**SOURCE MATERIAL:**
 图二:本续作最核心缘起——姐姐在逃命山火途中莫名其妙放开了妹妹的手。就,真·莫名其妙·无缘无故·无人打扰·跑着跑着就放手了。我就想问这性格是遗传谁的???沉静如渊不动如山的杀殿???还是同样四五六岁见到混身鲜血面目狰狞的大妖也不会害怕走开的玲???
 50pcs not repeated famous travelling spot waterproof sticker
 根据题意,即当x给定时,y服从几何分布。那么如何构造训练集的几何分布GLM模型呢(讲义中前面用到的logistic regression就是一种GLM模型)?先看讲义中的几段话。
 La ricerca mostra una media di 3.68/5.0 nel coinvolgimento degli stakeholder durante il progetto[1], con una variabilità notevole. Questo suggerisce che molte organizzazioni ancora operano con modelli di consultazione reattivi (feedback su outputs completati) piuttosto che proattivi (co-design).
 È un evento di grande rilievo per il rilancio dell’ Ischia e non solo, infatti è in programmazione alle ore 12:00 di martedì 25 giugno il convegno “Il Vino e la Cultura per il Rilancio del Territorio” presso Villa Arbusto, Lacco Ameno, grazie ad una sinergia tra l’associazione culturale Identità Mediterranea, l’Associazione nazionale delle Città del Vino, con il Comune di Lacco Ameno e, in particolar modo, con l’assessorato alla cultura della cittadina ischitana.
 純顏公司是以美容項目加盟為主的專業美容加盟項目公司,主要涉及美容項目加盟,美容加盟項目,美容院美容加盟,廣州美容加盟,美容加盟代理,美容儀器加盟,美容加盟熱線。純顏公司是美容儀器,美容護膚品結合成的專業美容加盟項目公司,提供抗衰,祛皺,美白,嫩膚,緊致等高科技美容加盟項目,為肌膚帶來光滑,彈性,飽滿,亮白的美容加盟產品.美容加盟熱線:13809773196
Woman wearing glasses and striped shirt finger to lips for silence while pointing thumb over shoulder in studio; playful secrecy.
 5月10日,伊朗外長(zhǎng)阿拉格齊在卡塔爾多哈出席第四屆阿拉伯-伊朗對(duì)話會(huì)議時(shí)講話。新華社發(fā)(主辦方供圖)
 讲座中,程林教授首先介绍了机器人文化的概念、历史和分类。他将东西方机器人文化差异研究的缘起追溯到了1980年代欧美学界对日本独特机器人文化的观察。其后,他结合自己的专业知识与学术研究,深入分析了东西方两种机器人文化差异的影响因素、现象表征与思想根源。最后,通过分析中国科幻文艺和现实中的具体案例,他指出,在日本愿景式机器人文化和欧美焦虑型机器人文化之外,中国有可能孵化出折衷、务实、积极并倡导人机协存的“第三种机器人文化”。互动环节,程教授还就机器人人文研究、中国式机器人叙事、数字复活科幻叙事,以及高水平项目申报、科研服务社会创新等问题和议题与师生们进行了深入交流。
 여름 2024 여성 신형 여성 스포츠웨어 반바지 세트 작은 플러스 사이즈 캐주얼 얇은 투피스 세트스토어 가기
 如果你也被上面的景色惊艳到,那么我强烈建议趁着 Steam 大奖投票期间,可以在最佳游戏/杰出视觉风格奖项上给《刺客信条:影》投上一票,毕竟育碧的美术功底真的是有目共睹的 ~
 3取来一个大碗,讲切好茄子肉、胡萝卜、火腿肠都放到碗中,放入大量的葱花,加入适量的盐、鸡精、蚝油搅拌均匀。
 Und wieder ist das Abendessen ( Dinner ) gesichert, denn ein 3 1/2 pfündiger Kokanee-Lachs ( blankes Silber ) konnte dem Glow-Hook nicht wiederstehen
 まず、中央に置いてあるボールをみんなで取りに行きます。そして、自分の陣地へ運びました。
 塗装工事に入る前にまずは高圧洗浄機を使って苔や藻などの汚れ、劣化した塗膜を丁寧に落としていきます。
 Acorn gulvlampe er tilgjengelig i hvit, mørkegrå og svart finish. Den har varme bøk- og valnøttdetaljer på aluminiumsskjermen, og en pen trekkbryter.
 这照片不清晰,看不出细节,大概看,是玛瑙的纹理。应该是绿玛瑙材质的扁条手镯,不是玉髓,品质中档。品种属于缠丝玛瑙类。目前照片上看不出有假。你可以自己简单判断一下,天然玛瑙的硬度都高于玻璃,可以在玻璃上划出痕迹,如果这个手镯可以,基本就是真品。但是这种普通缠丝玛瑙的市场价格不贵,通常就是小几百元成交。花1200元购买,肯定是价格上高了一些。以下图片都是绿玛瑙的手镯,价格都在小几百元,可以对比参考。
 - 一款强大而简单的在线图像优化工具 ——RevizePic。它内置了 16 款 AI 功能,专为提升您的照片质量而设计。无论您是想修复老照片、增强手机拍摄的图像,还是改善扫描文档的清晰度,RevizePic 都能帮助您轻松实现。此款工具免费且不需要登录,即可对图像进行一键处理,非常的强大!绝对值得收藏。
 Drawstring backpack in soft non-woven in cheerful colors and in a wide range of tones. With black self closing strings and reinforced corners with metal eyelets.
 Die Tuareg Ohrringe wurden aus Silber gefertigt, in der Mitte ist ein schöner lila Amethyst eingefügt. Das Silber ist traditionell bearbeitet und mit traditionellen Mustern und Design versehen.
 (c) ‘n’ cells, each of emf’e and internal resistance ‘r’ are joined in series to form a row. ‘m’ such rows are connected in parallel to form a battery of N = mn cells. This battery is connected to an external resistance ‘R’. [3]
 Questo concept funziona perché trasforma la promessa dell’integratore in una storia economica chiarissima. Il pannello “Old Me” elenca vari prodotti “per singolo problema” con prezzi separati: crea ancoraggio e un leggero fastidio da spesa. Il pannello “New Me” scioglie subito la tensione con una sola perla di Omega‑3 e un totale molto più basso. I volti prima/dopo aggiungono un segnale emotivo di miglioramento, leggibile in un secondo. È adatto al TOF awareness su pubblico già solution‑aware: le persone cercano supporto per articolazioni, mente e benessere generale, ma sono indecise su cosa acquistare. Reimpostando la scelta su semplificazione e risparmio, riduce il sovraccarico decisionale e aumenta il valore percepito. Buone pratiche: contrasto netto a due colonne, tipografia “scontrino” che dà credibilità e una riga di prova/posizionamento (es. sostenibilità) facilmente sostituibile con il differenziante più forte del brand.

**EXERCISE DIRECTIONS:**
Collect every line with the string "Questo" from the records, and copy each.

**ANSWER SPACE:**
 La ricerca mostra una media di 3.68/5.0 nel coinvolgimento degli stakeholder durante il progetto[1], con una variabilità notevole. Questo suggerisce che molte organizzazioni ancora operano con modelli di consultazione reattivi (feedback su outputs completati) piuttosto che proattivi (co-design).
 Questo concept funziona perché trasforma la promessa dell’integratore in una storia economica chiarissima. Il pannello “Old Me” elenca vari prodotti “per singolo problema” con prezzi separati: crea ancoraggio e un leggero fastidio da spesa. Il pannello “New Me” scioglie subito la tensione con una sola perla di Omega‑3 e un totale molto più basso. I volti prima/dopo aggiungono un segnale emotivo di miglioramento, leggibile in un secondo. È adatto al TOF awareness su pubblico già solution‑aware: le persone cercano supporto per articolazioni, mente e benessere generale, ma sono indecise su cosa acquistare. Reimpostando la scelta su semplificazione e risparmio, riduce il sovraccarico decisionale e aumenta il valore percepito. Buone pratiche: contrasto netto a due colonne, tipografia “scontrino” che dà credibilità e una riga di prova/posizionamento (es. sostenibilità) facilmente sostituibile con il differenziante più forte del brand.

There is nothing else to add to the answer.